# Wooden Jump Wings



## Donny916 (Jul 24, 2021)

Hi there...

I have a set of wooden jump wings which are in need of a bit of TLC. I have fully sanded them down, and they are now ready to paint. My question is, what paint do people typically use, bearing in mind the wings will be outside all year round in all weathers...

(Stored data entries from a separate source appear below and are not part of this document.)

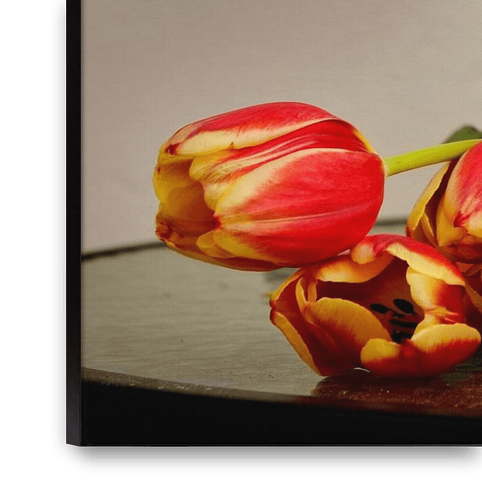 Bestelle dieses Blumen-Wandbild Tulpen und Rosen von Laura von S als Reproduktion auf Leinwand, Alu-Dibond, als Poster, Fototapete oder Acrylglasbild.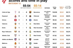體育資訊11月10日訊 數(shù)據(jù)網(wǎng)站OPTA盤點了本輪西甲有效時間榜單,其中巴薩4-2塞爾塔以及比利亞雷亞爾2-0西班牙人的兩場比賽有效時間超過65分鐘。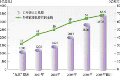 APEC会议、全球扶贫大会、世界工程师大会等重大国际性会议在上海成功举办。对外开放领域不断拓展。推进“大通关”工程,洋山保税港区投入运营,口岸服务功能进一步增强,2005年上海口岸进出口总额预计达到3506亿美元,外商直接投资实到金额累计超过280亿美元(见图1-6)。与长江三角洲及全国其它地区的经济合作领域不断扩大,对口支援工作取得新进展。与香港、澳门和台湾地区的经贸交流与合作进一步深化。

Also, do they need a water repellent treatment (PVA, primer etc) before painting?

Thanks

Donny


----------



## TTouch (Apr 20, 2021)

I have two sets one painted with gloss which was done when I purchased, had some others made and have used a clear water sealant and then Johnsons ( lots of makes available) outdoor fence/shed paint which can be purchased in several colours..... if you have them back to bare wood, then I would use the sealant ( or watered down PVA) and a good quality fence/shed 'paint' as comparing the two sets of mine the fence/shed finish is better, easier to do and protects better with weather,in both sun and rain


----------



## Burrowzig (Feb 18, 2009)

Or go the more traditional route. Primer, undercoat, top coat (using flexible top coat). Primer can be water-based, but undercoat and top coat should be oil based.
And it's obviously better to store under cover (and off wet ground) when not in use. A few pallets and a tarpaulin if there's nothing building.


----------